Two things to remember here to figure out what's going on:
- 2D Java arrays aren't square, they're arrays of arrays.
- You specify the size of an array when it's created.
So in this example, you're creating an array of longs (of size 1) to hold another array of longs - but you're not yet creating the second array (so you don't need to specify how large it will be.) In effect, the first array provides an empty "slot" (or slots if the outer array is longer than 1) for the inner array(s) to sit in - but the inner array(s) haven't yet been created, so their size doesn't need to be specified.
It doesn't just create an array of arbitrary length at all, it simply doesn't create any inner arrays.
You can perhaps see this more clearly if you try to access or store a long in the 2D array:
long[][] x = new long[2][];
x[0][0] = 7;
...will produce a NullPointerException (on the second line), because there is no inner array there to access.
In the first example that doesn't compile, you're trying to actually create an array of longs, but not giving it a dimension, hence the error.

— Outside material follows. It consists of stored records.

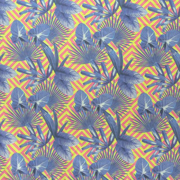 Leaf Print On Spandex, 4 Way Stretch, Purple/Yellow/Orange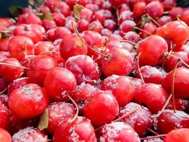 冻花红冻花红在冻货里面也是非常具有代表性的,颜值够高,红彤彤的,很容易勾起你的食欲。其实冻花红就是冷冻的海棠果,酸甜可口,开胃一流。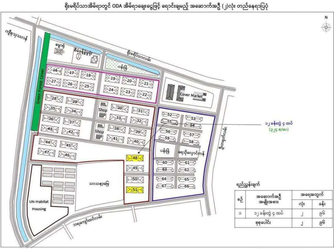 缅甸城市与住房发展司,计划于2026年1月,把仰光德贡港口镇区Yoma Yeik Thar住宅区的2栋12户4层楼,共96套住房,通过低利率住房贷款系统进行出售。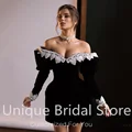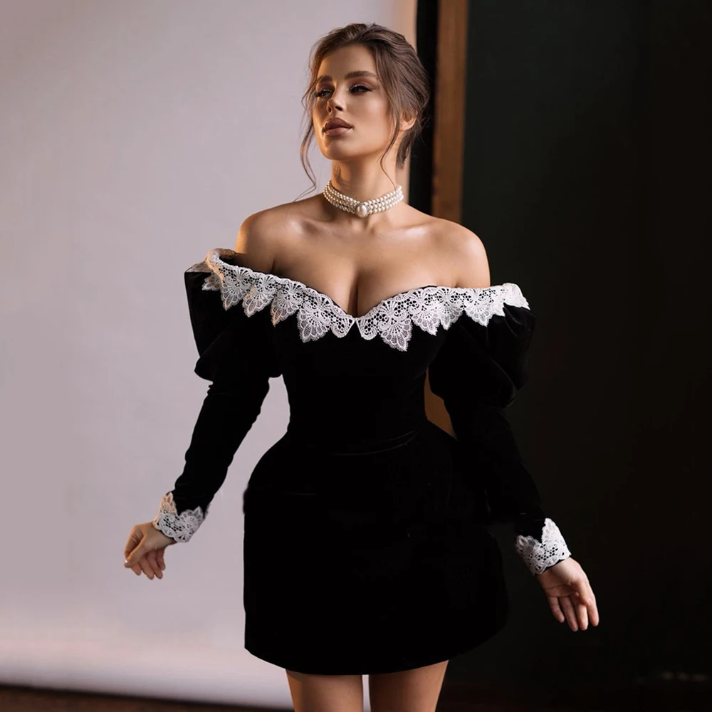 Unique Black Off Shoulder Prom Dress Long Sleeves Lace Mini Homecoming Dresses Open Back Above Knee Formal Gowns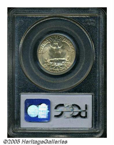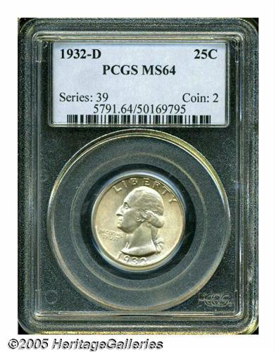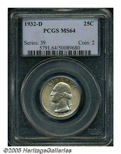 <B>1932-D<25C> MS64 PCGS.</B></I> Choice is always a good thing, and the Central States Sale gives the Washington Quarter collector several opportunities to select a high grade example of the key 1932-D. This is a particularly worthwhile coin that gives the collector excellent value for the dollar spent. The mint luster has a smooth, satiny texture and the striking details are especially strong on each side. A few tiny marks are present on the cheek of Washington, one reeding mark is located just in back of his receding hairline, and a couple of tiny abrasions are seen on the upper portion of his neck. All of these flaws are visible with a magnifier, but the unaided eye has a difficult time locating these imperfections. Light golden toning is seen equally over each side.
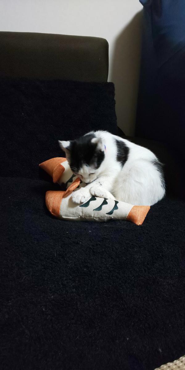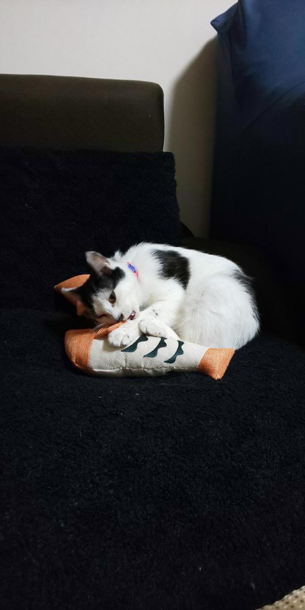 マタタビスプレーをワンプッシュして渡してみたらキッツくんは食い付きが良い❗️

answered Mar 28, 2014 at 15:37
when you write this - long[][] n= new long[1][];
you are creating array of arrays of long but you are not actually initializing those arrays right now
So if you do n[0] == null it will return true
that way you are free to initialize new array in any point of time later-
n[0] = new long[10];
So the point is - you need to provide size while initializing your array , that is why long[] n= new long[]; is wrong
answered Mar 28, 2014 at 15:45